This is a (very belated) response to Joel Spolsky’s article about giving programmers separate offices.
I strongly beleive that communication is good, especially when you have new team members unfamiliar with the inner workings and coding style of a large and mature system. If I’m new on a team, or in a company, and ask a question of a real developer I work with, they might realise that I’m asking the wrong question (c.f. Raymond Chen’s regular advice about people asking the wrong question – for example here, here and here) – if I search Google I’ll find the answer, but I might fundamentally be going down the wrong tack. This will cause even more lost time down the line as subtle, hard-to-find bugs have been introduced.

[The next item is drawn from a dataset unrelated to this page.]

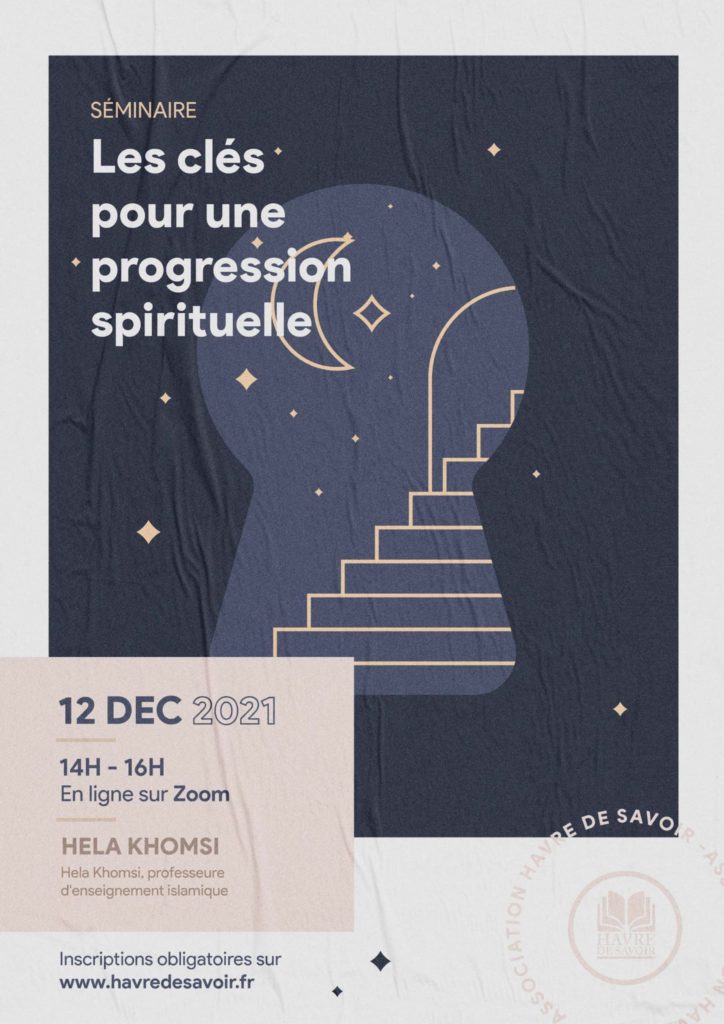 Cheminer vers Dieu et se rapprocher chaque jour un peu plus de Lui: tel est le but du croyant. Entre la volonté de bien faire, la routine, les tentations et les épreuves de cette vie, comment progresser spirituellement et cheminer sereinement vers notre Créateur? Conscients de cette importance d’être, chaque jour que Dieu fait, la meilleure version de nous-même, comment réussir à développer notre foi et notre spiritualité? Quelles sont les causes par lesquelles nous pouvons améliorer notre relation à Allah (swt)? Quels sont les moyens nous permettant de lutter contre la stagnation voire la perte de vitesse dans notre cheminement? Pour nous accompagner dans cette quête de progression et d’amélioration spirituelle, nous vous proposons un séminaire où nous aurons l’honneur d’avoir les précieux conseils de Hela KHOMSI (professeur d’enseignement islamique). Si cette thématique vous intéresse, nous vous donnons rendez-vous dimanche 12 décembre 2021 de 14h00 à 16h00 sur « Zoom »;…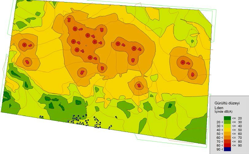 standartları kapsamında gerçekleştirilmektedir. Tesislerin gürültü etkilerini gösteren gürültü haritaları Lgag, Lgündüz, Lakşam periyotları için hazırlanmaktadır.

StackOverflow is littered with people asking a specific question (‘How do I achieve blah in Javascript?’) with answers that say ‘You can do it like this, but why not just do it in CSS instead?’ or similar. It’s very easy to think yourself into a hole while programming and not notice or realise that you’re going down the wrong path (not to mix metaphors too hideously). By speaking to a real person they are much more likely than a web search to say ‘hang on, why would you want to do that?’
As a response to the Joel’s argument that a huge amount of time is wasted by a simple request I’d say if you work sensibly that shouldn’t be a huge problem; if you make notes as you go along, and ask people to wait while you tie up loose ends before asking you something then there’s no reason to lose very much time at all by leaving ‘the zone’. I don’t personally know of any developers who go into some kind of zen trance while programming, or whose eyes turn white – a short question shouldn’t ever disturb your mental stack too egregiously.
I say far better to foster an environment where everyone feels free to ask questions of others and is happy to answer others’ questions. Programmers are introverted enough as it is!